Март 1881 г. стал своеобразным рубежом российской истории. Это ощущали современники, это отмечают исследователи. Дипломат И.Я. Коростовец записал, «что теперь все, даже молодые, чувствуют, что со смертью государя [Александра II] они переступили какую-то грань, что теперь всякого ожидает что-то неведомое, новое…»[1] Многие в чиновничьей среде устали от предыдущего царствования, мечтали о ясности и определенности[2]. Их приводила в отчаяние «слякоть» прошлых лет. Дипломат Ф.Р. Остен-Сакен отметил в дневнике 2 марта 1881 г.: «Первый день нового царствования. Какие желания? Только одно: правды. Минувшее царствование представляется отвратительным сном. Его можно отметить только двумя словами: ложь и беспорядок»[3]. 29 апреля 1881 г. князь В.М. Голицын записал в дневнике: «Обнародован Манифест, где главная тема есть сохранение самодержавной власти. Это разрушает все конституционные грезы, так сильно смущавшие наши умы в это последнее время, внеся призраки Земских соборов.»[4] Как бы современники ни относились к предыдущему правлению, его неожиданное и драматичное окончание стало для них прыжком в неизвестность. Едва ли кто-нибудь с уверенностью мог сказать, что ожидало Россию за этим поворотом.

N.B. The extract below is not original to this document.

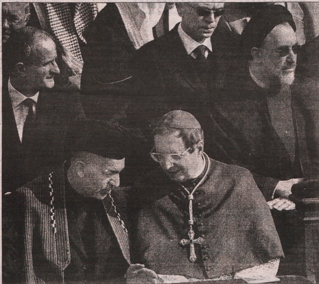
PREDSEDNIK JANEZ DRNOVŠEK NA POGREBU PAPEŽA JANEZA PAVLA II. – Fotografija, ki jo je na svoji prvi strani objavil list Delo , ima Drnovška v skupini državnikov, med katerimi je spodaj levo afganistanski predsednik Karzaj, na desni pa gotovo iranski predsednik. Med osebami je list identificiral samo Drnovška.

Оставалось лишь предполагать, прогнозировать и предупреждать власти предержащие о новых перспективах и нараставших угрозах. 18 марта 1881 г. Б.Н. Чичерин писал К.П. Победоносцеву, что перед Россией открывались три пути: диктатура, если найдется фигура, равная М.Н. Муравьеву, которая при необходимости будет опираться на «темные силы»; законодательное (или, может быть, законосовещательное) представительство со всеми вытекавшими отсюда сложностями и одновременно возможностями или же обычная петербургская «размазня». Это означало бы «продолжать… нынешний порядок, при который каждый министр тянет на свою сторону и все сходятся только в одном – чтобы взапуски друг перед другом либеральничать и кувыркаться перед петербургской швалью. Это несомненно тот путь, который прямо ведет нас к погибели»[5].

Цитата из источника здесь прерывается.